Ezan duasının dini hükmü nedir ve nasıl yapılır

    Ezandan sonra, Peygamberimiz (s.a.s.)’esalavat getirmek sünnet; vesile duasını yapmak menduptur (İbn Abidin, Reddü’l-muhtar, I, 398; Ceziri, Kitabü’l-Fıkh ala Mezahibi’l-erbaa, I, 467). Bir hadis-i şerifte Hz. Peygamber (s.a.s.) şöyle buyurmuştur: “Müezzini işittiğiniz zaman, onun dediğini tekrarlayın. Sonra bana salat getirin. Çünkü gerçekten kim bana bir defa salat getirirse, Allah onu on rahmet ile anar. Sonra da benim için Allah’tan vesile isteyin. Çünkü vesile Cennet’te bir makamdır ki, ancak Allah’ın kullarından bir kula layık görülmüştür, umarım ki o kul ben olayım.
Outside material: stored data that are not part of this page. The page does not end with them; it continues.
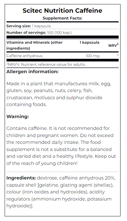 Περιέχει καφεΐνη (100mg ανά μερίδα). Δεν συνιστάται για παιδιά, έγκυες ή θηλάζουσες γυναίκες. Χρησιμοποιήστε αυτό το προϊόν σε συνδυασμό με τρόφιμα ως μέρος μιας υγιεινής, ισορροπημένης διατροφής και όχι ως υποκατάστατο αυτής.
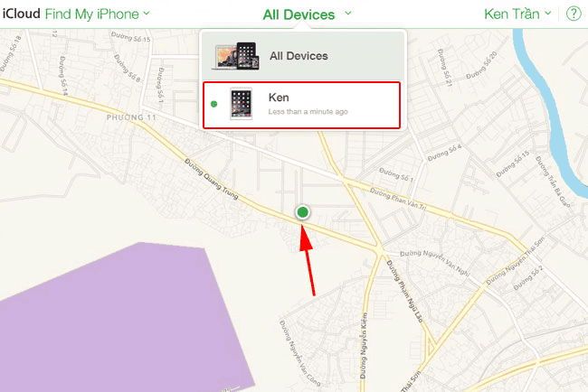 Bước 3: Sau khi đã hoàn thiện đăng nhập thì hệ thống sẽ tự động dò tìm các thiết bị của bạn, nếu có kết nối mạng thì sẽ cho bạn biết chính xác vị trí iPhone/iPad bị mất. Trong phần All Device (Tất cả thiết bị), bạn chọn vào iPhone/iPad muốn tìm.
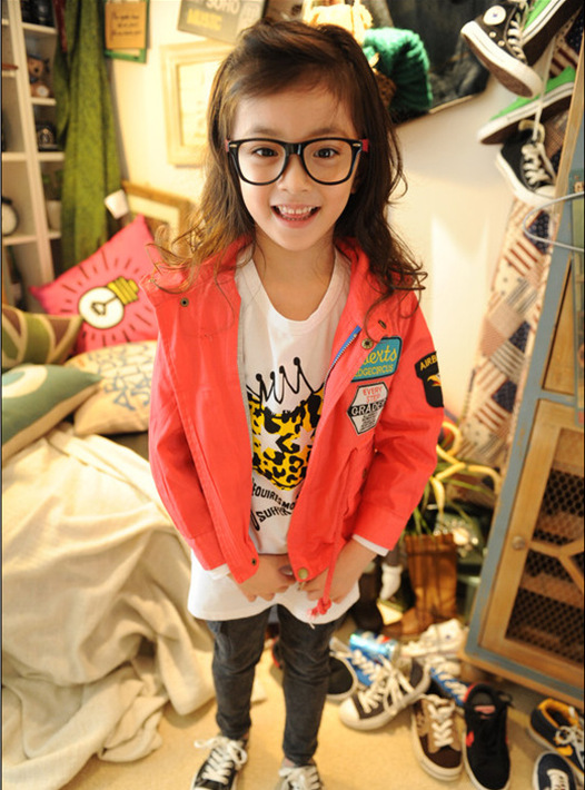 【誠信商家】休閑時尚糖果色連帽女童風衣童外套秋冬加厚款(圖)

Artık kim benim için Allah’tan vesile isterse, şefaatim ona helal olur.” (Tirmizi, Salat, 157).

   Konu ile ilgili olarak Buhari’de yer alan rivayet şöyledir: “Her kim ezanı işittiğinde ardından ‘Ey bu tam davetin ve kılınmak üzere olan bu namazın Rabbi olan Allah’ım! Muhammed’e vesileyi, fazileti ihsan et. Bir de kendisine va’d ettiğin Makam-ı Mahmud’u verip oraya ulaştır. ‘ derse, kıyamet gününde benim şefaatim ona vacib olur.” (Buhari, Ezan, 8). Bazı kaynaklarda, duanın sonuna “sen vadinden dönmezsin.” ifadesi eklenmiştir (Beyhaki, es-Sünenü’l-kübra, I, 410). Ezanı bittiğinde duyanlar bu hadiste ifade edildiği şekilde dua ederler. “Ezan ile kamet arasında dua reddolunmaz.” (Tirmizi, Salat, 158) hadisi gereği, vesile duasının ardından başka dualar da yapılabilir (Nevevi, el-Mecmu’, III, 116-117).